QTT-nsqd主流程-526互联

NSQ是Go语言编写的，开源的分布式消息队列中间件，其设计的目的是用来大规模地处理每天数以十亿计级别的消息。

nsq 有三个必要的组件nsqd、nsqlookupd、nsqadmin

nsqd ：
负责接收消息，存储队列和将消息发送给客户端

nsqlookupd：
主要负责服务发现、负责nsqd的心跳、状态监测，给客户端、nsqadmin提供nsqd地址与状态

nsqadmin：
nsqadmin是一个web管理界面

概念：

nsqd：

生产者和消费者都是通过直接与nsqd进行交互产生或者消费数据。

生产者可以通过tcp或者http将数据抛入nsqd。

消费者使用tcp与nsqd连接消费队列中的数据。

topic和channel：

nsqd中可以有多个topic,一个topic中可以有多个channel。

如果一个topic中有多个channel，每个channel都能获得一份消息的复制。channel之间相互独立。

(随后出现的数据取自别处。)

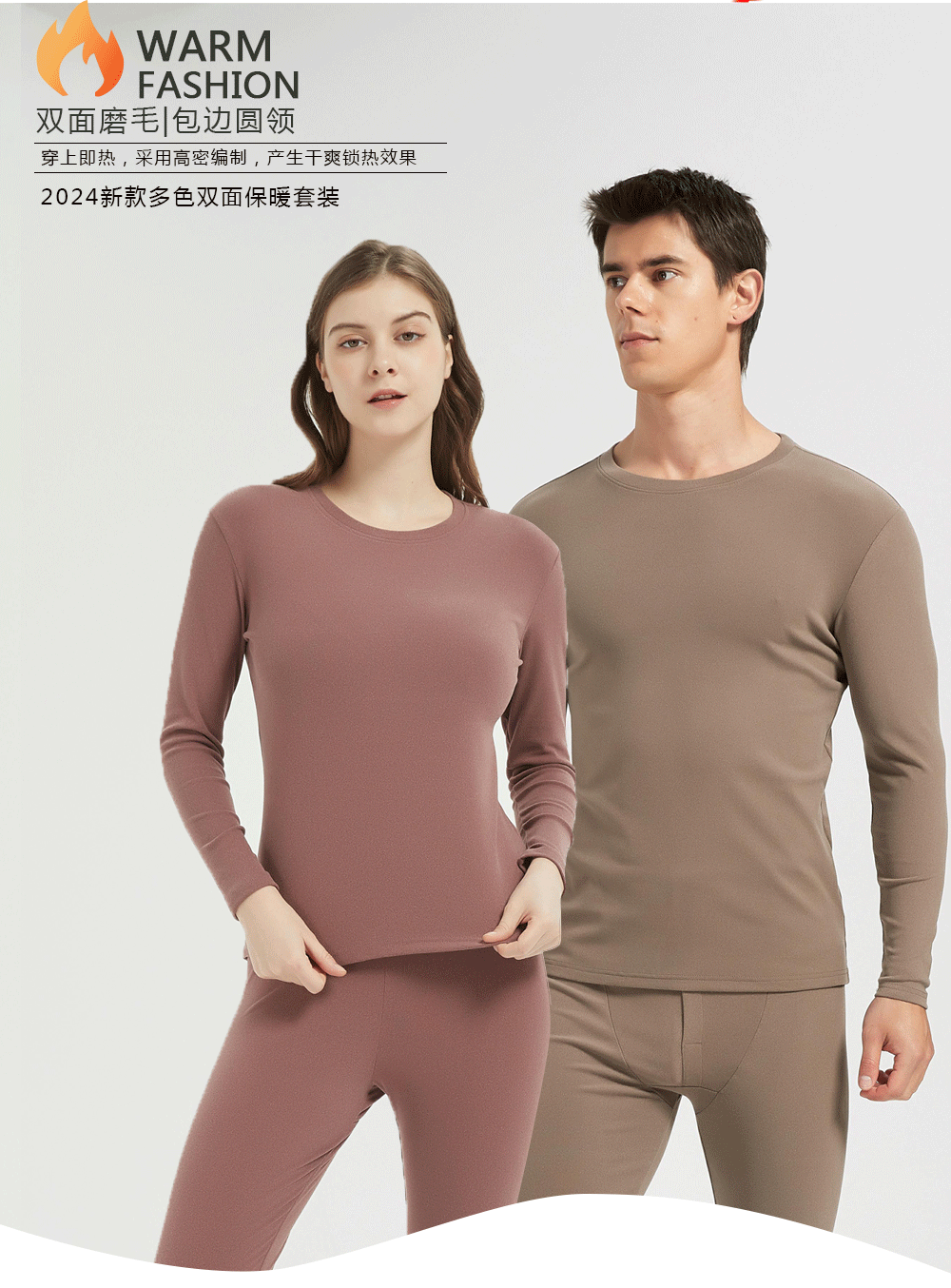 Термобелье с круглым вырезом, мужское осенне-зимнее двустороннее длинное нижнее белье с начесом, женское термобелье, костюм оптом

当一个channel有多个连接者（消费者）时候，消息随机发给其中一个消费者，不会出现一个消息推送给多个消费者。

nsqd的启动流程：

调用nsqd.NewOptions()加载参数及参数的默认值。
捕获用户命令行启动参数并映射到NewOptions对应的参数。
解析配置文件。
参数合并。将参数用户命令行参数，配置文件内容合并到一个变量
初始化NSQD结构体。用变量初始化NSQD结构体
调用LoadMetadata()，主要是加载元数据信息。包括topic和channel
调用PersistMetadata()，主要将元数据持久化到文件中。
调用nsqd.Main()，启动nsqd服务

变量权重

// Values are resolved with the following priorities (highest to lowest):
//
// 1. Command line flag
// 2. Deprecated command line flag
// 3. Config file value
// 4. Get() value (if Getter)
// 5. Options struct default value

nsqd启动代码

func (p *program) Start() error {
   opts := nsqd.NewOptions()
 
   flagSet := nsqdFlagSet(opts)
   flagSet.Parse(os.Args[1:])
 
 
   var cfg config
   configFile := flagSet.Lookup("config").Value.String()
   cfg.Validate()
 
   options.Resolve(opts, flagSet, cfg)
   nsqd := nsqd.New(opts)
 
   nsqd.LoadMetadata()
   nsqd.PersistMetadata()
   nsqd.Main()
 
}

一、配置初始化及解析

   opts := nsqd.NewOptions()

   flagSet := nsqdFlagSet(opts)
   flagSet.Parse(os.Args[1:])

二、NSQD初始化

NSQD的初始化主要在nsq/nsqd/nsqd.go文件的New(opts *Options)函数中

主要作用是：初始化NSQD，并检验Options的配置信息

三、元数据加载和持久化

加载和持久化主要在

   nsqd.LoadMetadata()
   nsqd.PersistMetadata()

这两个函数中

看下LoadMetadata()方法

1.元数据以json格式保存在nsqd可执行文件目录下的nsqd.dat文件中。
2.读取文件中的json数据并映射成meta结构体，得到系统中存在的topic列表，遍历列表中的topic：
(1)检查topic名称是否合法（长度在1-64之间，满足正则表达式^[\.a-zA-Z0-9_-]+(#ephemeral)?$），若不合法则忽略
(2) 使用GetTopic()函数通过名字获得topic对象
(3)判断当前topic对象是否处于暂停状态，是的话调用Pause函数暂停topic
(4) 获取当前topic下所有的channel，并且遍历channel，执行的操作与topic基本一致
(i)检查channel名称是否合法（长度在1-64之间，满足正则表达式^[\.a-zA-Z0-9_-]+(#ephemeral)?$），若不合法则忽略
(ii)使用GetChannel函数通过名字获得channel对象
(iii)判断当前channel对象是否处于暂停状态，是的话调用Pause函数暂停channel
至此，元数据的载入完成

func (n *NSQD) LoadMetadata() error {
    //上边几行说的是避免重复加载锁和校验新旧元数据文件
   var m meta
   json.Unmarshal(data, &m)
   for _, t := range m.Topics {
      if !protocol.IsValidTopicName(t.Name) {
         continue
      }
      topic := n.GetTopic(t.Name)
      for _, c := range t.Channels {
         if !protocol.IsValidChannelName(c.Name) {
            continue
         }
         channel := topic.GetChannel(c.Name)
      }
      topic.Start()
   }
   return nil
}

PersistMetadata()方法

将

topics：[{name,channels[{name,paused}],paused}]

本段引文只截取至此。